John Dougherty and Bobby Henon are on trial. But City Hall is watching nervously.
Those close to Kenney have so far been relieved that none of the evidence has proved damning for the administration.
Nearly a month into the government’s bribery case against labor leader John J. Dougherty and City Councilmember Bobby Henon, the stench of yet another in Philadelphia’s long history of high-profile corruption trials has begun to waft down Market Street from the federal courthouse to City Hall.
Mayor Jim Kenney, Council President Darrell L. Clarke, and other officials declined to comment on the proceedings that could put one of Kenney’s leading supporters and a top Council ally in prison if they are convicted.
But in private, many in City Hall have spent much of the last few weeks refreshing their browsers for updates on the case, as the names of Council staffers, lobbyists, political consultants, and union leaders pop up in court.
“Everybody tries to act like it’s not happening,” said Councilmember Maria Quiñones-Sánchez, a frequent antagonist of Dougherty’s Local 98 of the International Brotherhood of Electrical Workers. “There’s no way for us to distance ourselves.”
Those close to Kenney have so far been relieved that none of the evidence has been especially damaging for the administration, according to people in and around the mayor’s inner circle.
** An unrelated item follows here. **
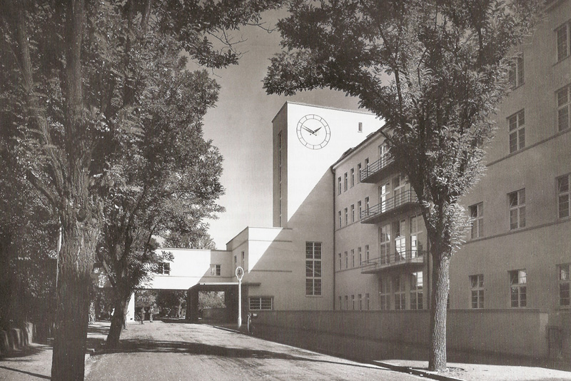 Heinrich Zierl, "Altes" Krankenhaus in Schweinfurt, Nordseite mit Brücke, Turm und Eingang. 1929 bis 1930. Foto 1930. (Stadtarchiv Schweinfurt) HLB
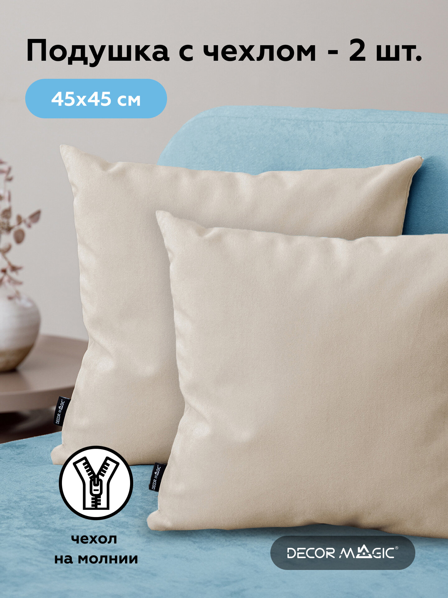Подушка декоративная 45х45 велюр ULTRA BEIGE 2 шт

“They are all watching the trial and intrigued, but not concerned, for themselves or their futures in politics,” said one person who, like Kenney, was notified by the federal government that they were recorded during the investigation. “I didn’t really see anything in there that was that embarrassing for the mayor.”
Still, the recordings played for jurors so far have exposed the at times petty and transactional ways that important matters are handled in the world of Philadelphia politics. With frequent profanity and strong Philly accents, men who refer to each other as Jimmy, Johnny, Bobby, and Richie are heard throughout hashing out deals, often guided by personal grudges, perceived slights, and base favor-trading.
The tapes have held few surprises for those who work alongside that cast of characters day in and day out, showing a blustery and hot-tempered Dougherty aggressively pushing his agenda while a more even-keeled Henon navigates Council.
“I don’t think anybody’s read anything that has made them reevaluate their feelings about John Dougherty,” said the person whose phone was taped, speaking on the condition of anonymity to comment on private conversations.
Still, many feel it reflects poorly on Philadelphia’s political ecosystem.
“For the average person, you wouldn’t expect the level of diabolical political maneuvering,” said David Thornburgh, president of the good-government nonprofit Committee of Seventy. “This is reinforcing these decades-old perceptions about how Philadelphia works — and that way of doing business is not working for us.”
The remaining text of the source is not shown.